Fortunately there is software to compute the best fitting straight line (hence "linear") that expresses the past relationship between the dependent and independent variable. Continuing our example, you will enter 1) the amount of the past monthly electricity bills, and 2) the number of machine hours occurring during the period of each of the bills. Next, the software will likely use the least squares method to produce the formula for the best fitting line. The line will appear in the form y = a + bx. In addition, the software will provide statistics regarding the correlation, confidence, dispersion around the line, and more.
(In all likelihood there are many independent variables causing a change in the amount of the dependent variable. Therefore, you should not expect that only one independent variable will explain a high percentage of the change in the dependent variable. To increase the percentage, you should think of the many independent variables that could cause a change in the dependent variable.
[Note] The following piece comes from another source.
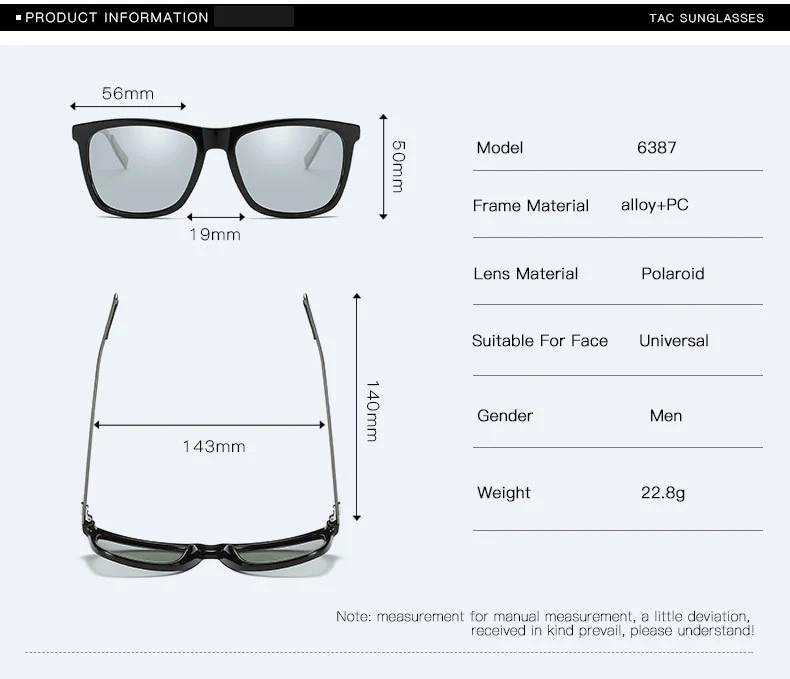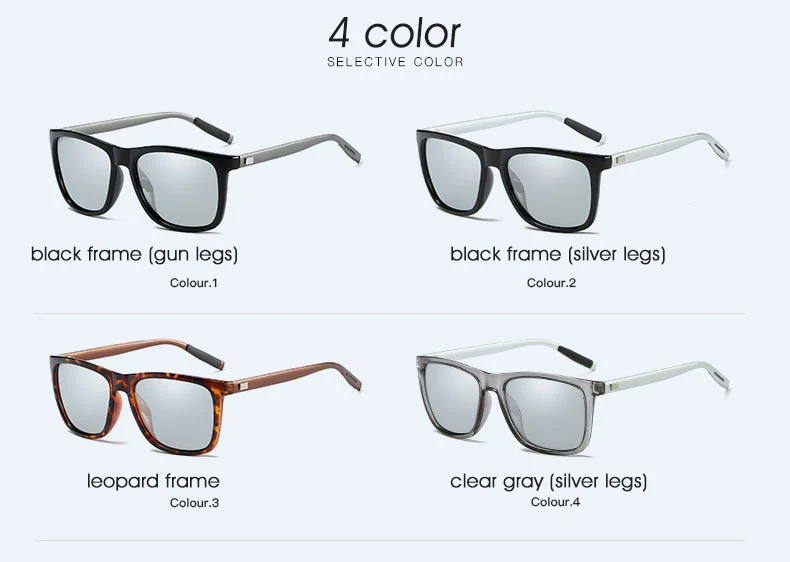 Square Chameleon Sunglasses Male Polarized Photochromic Discoloration Sun Glasses Men Women Oculos De Sol Masculino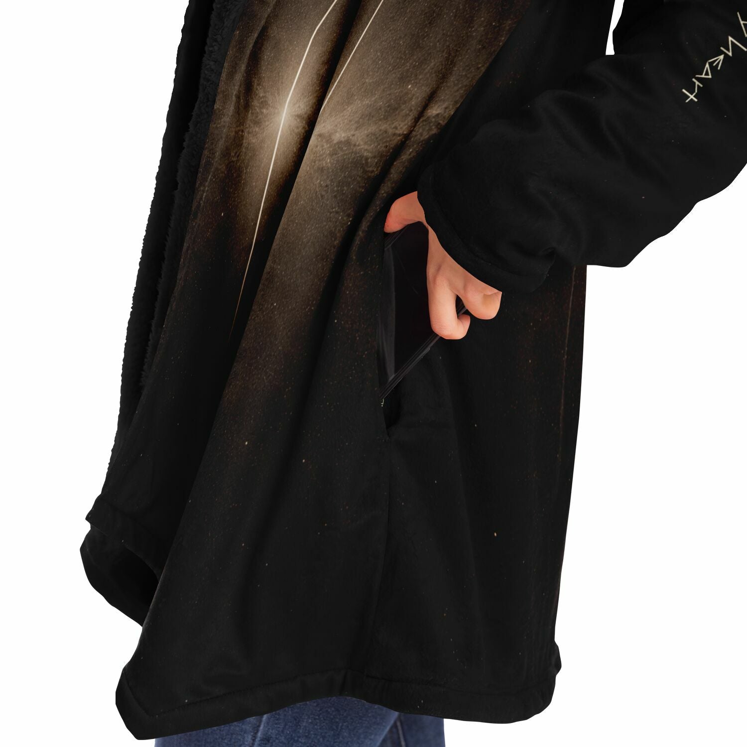 This luxurious cloak is made from an ultra-soft premium microfiber fleece lining. The outside is made with a micro-mink polyester fabric that allows the print to be high definition with vibrant colors. Featuring two deep side pockets to keep your belongings safe and your hands warm.

Next you should test the effect of the combination of these independent variables or drivers by using multiple regression analysis software.)
Prior to using simple linear regression analysis it is important to follow these preliminary steps:
- seek an independent variable that is likely to cause or drive the change in the dependent variable
- make certain that the past amounts for the independent variable occur in the exact same period as the amount of the dependent variable
- plot the past observations on a graph using the y-axis for the cost (monthly electricity bill) and the x-axis for the activity (machine hours used during the exact period of the electricity bill)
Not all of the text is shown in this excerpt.